-------- Data to examine --------

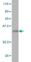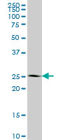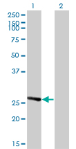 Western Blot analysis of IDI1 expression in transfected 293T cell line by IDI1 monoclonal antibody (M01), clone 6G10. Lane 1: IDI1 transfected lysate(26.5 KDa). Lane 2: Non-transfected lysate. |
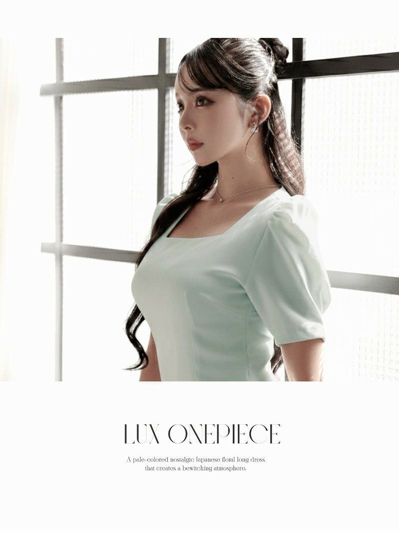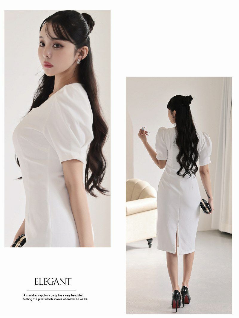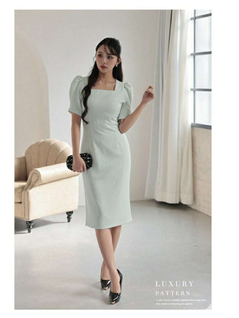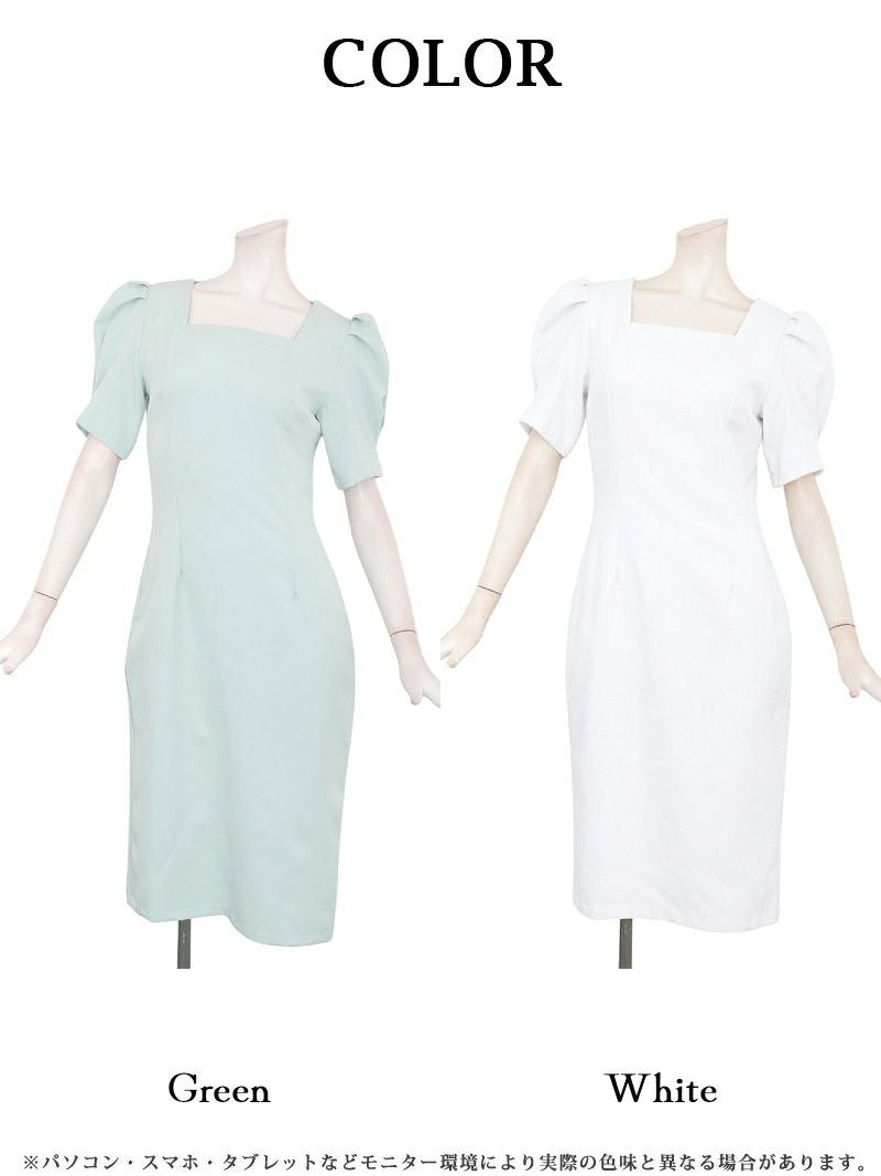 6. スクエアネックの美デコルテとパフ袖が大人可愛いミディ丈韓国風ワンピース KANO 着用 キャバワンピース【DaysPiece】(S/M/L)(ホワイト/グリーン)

--------
-------- Data to examine --------

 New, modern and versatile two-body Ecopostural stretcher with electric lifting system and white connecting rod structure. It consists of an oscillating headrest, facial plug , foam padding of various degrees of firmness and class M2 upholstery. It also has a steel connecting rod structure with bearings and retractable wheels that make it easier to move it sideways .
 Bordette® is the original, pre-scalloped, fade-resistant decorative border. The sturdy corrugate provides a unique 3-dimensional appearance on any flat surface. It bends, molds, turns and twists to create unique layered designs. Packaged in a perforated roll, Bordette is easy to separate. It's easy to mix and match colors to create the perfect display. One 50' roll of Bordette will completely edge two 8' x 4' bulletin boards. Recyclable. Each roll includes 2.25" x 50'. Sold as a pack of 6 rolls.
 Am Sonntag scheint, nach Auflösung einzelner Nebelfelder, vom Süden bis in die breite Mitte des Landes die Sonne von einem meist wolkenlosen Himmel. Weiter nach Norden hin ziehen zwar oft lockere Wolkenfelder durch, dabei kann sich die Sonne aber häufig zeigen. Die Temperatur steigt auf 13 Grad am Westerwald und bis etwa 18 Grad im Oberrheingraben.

--------

▸ **Your objective**
Look above for the line holding "New, modern and". Print it and every line after it, exactly, through the line holding "Bordette® is the".

▸ **Task answer**
 New, modern and versatile two-body Ecopostural stretcher with electric lifting system and white connecting rod structure. It consists of an oscillating headrest, facial plug , foam padding of various degrees of firmness and class M2 upholstery. It also has a steel connecting rod structure with bearings and retractable wheels that make it easier to move it sideways .
 Bordette® is the original, pre-scalloped, fade-resistant decorative border. The sturdy corrugate provides a unique 3-dimensional appearance on any flat surface. It bends, molds, turns and twists to create unique layered designs. Packaged in a perforated roll, Bordette is easy to separate. It's easy to mix and match colors to create the perfect display. One 50' roll of Bordette will completely edge two 8' x 4' bulletin boards. Recyclable. Each roll includes 2.25" x 50'. Sold as a pack of 6 rolls.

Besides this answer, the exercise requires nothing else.